Data excerpts ::
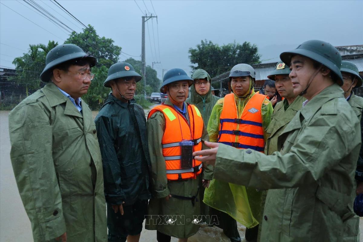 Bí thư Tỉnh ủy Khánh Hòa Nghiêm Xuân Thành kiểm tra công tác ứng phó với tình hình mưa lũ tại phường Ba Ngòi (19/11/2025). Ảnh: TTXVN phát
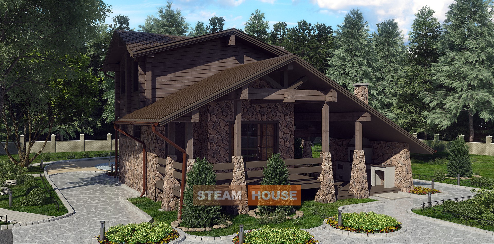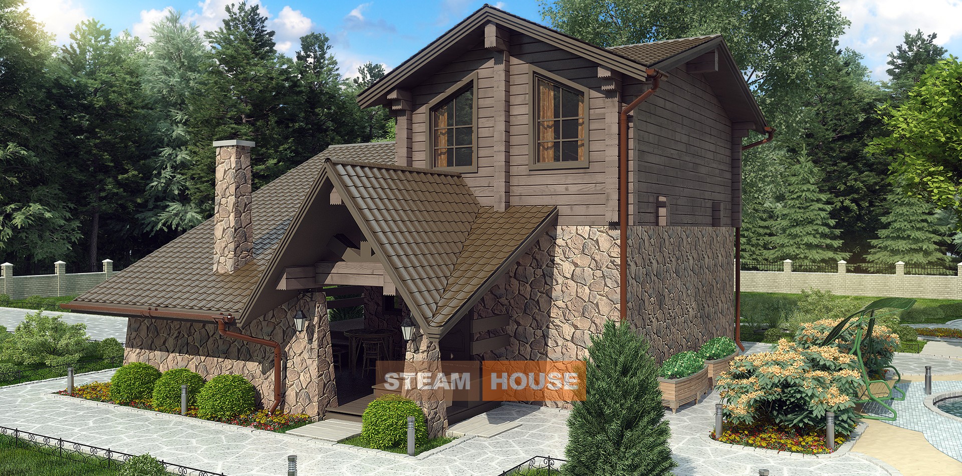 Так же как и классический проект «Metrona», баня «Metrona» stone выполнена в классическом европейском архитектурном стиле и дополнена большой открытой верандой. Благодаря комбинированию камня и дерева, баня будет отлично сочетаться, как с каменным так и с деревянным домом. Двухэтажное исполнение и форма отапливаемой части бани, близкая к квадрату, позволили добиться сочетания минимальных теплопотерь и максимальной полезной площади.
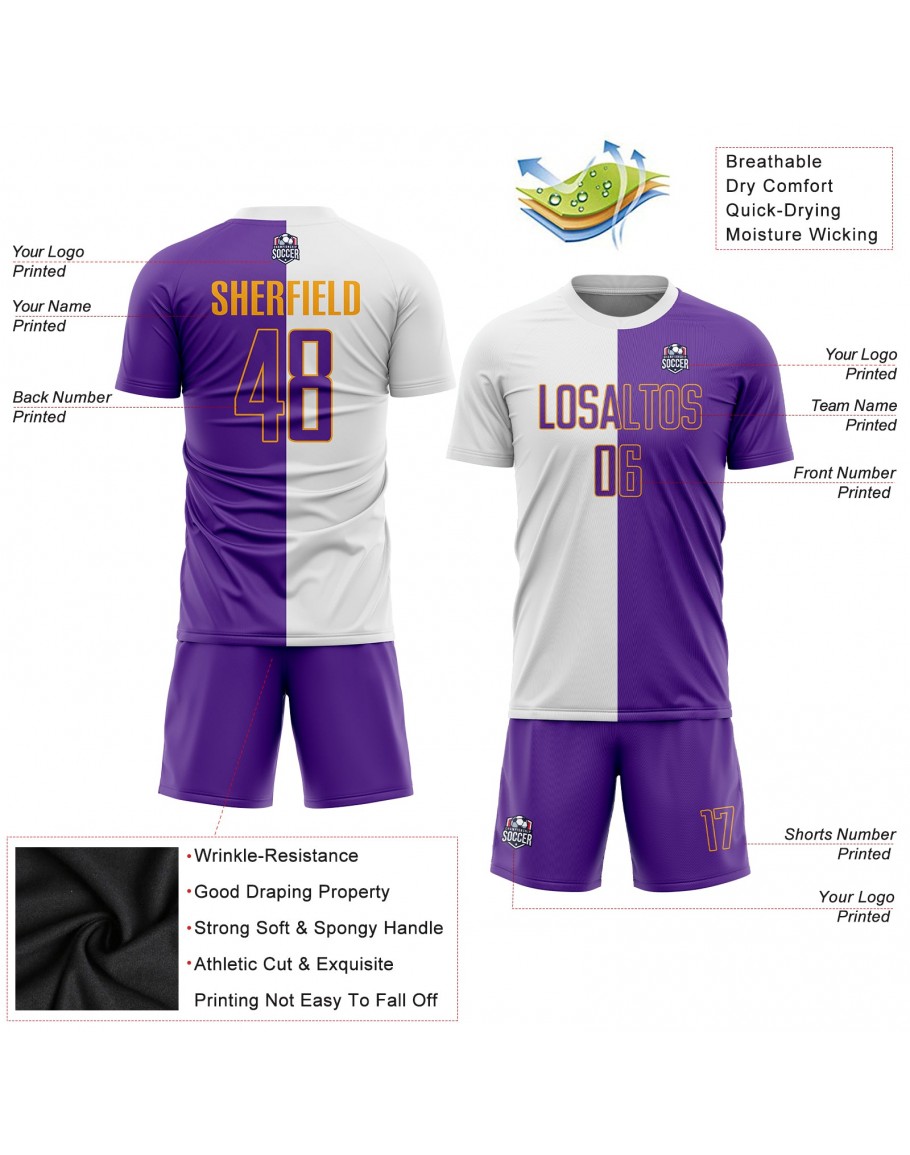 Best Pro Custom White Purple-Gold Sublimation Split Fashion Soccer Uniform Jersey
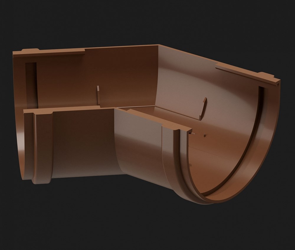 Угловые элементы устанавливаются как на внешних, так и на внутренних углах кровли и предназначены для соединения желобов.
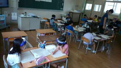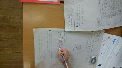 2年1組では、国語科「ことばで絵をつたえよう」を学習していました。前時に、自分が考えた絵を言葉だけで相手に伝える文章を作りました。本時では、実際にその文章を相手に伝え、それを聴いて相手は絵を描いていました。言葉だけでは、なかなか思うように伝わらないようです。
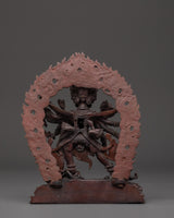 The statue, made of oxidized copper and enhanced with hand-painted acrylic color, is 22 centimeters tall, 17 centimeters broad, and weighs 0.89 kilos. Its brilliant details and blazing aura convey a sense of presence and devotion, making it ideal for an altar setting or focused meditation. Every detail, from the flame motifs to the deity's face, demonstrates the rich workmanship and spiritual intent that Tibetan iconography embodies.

Assigned task :: Write out the data again word for word, minus any images.

Exercise answer ::
 Bí thư Tỉnh ủy Khánh Hòa Nghiêm Xuân Thành kiểm tra công tác ứng phó với tình hình mưa lũ tại phường Ba Ngòi (19/11/2025). Ảnh: TTXVN phát
 Так же как и классический проект «Metrona», баня «Metrona» stone выполнена в классическом европейском архитектурном стиле и дополнена большой открытой верандой. Благодаря комбинированию камня и дерева, баня будет отлично сочетаться, как с каменным так и с деревянным домом. Двухэтажное исполнение и форма отапливаемой части бани, близкая к квадрату, позволили добиться сочетания минимальных теплопотерь и максимальной полезной площади.
 Best Pro Custom White Purple-Gold Sublimation Split Fashion Soccer Uniform Jersey
 Угловые элементы устанавливаются как на внешних, так и на внутренних углах кровли и предназначены для соединения желобов.
 2年1組では、国語科「ことばで絵をつたえよう」を学習していました。前時に、自分が考えた絵を言葉だけで相手に伝える文章を作りました。本時では、実際にその文章を相手に伝え、それを聴いて相手は絵を描いていました。言葉だけでは、なかなか思うように伝わらないようです。
 The statue, made of oxidized copper and enhanced with hand-painted acrylic color, is 22 centimeters tall, 17 centimeters broad, and weighs 0.89 kilos. Its brilliant details and blazing aura convey a sense of presence and devotion, making it ideal for an altar setting or focused meditation. Every detail, from the flame motifs to the deity's face, demonstrates the rich workmanship and spiritual intent that Tibetan iconography embodies.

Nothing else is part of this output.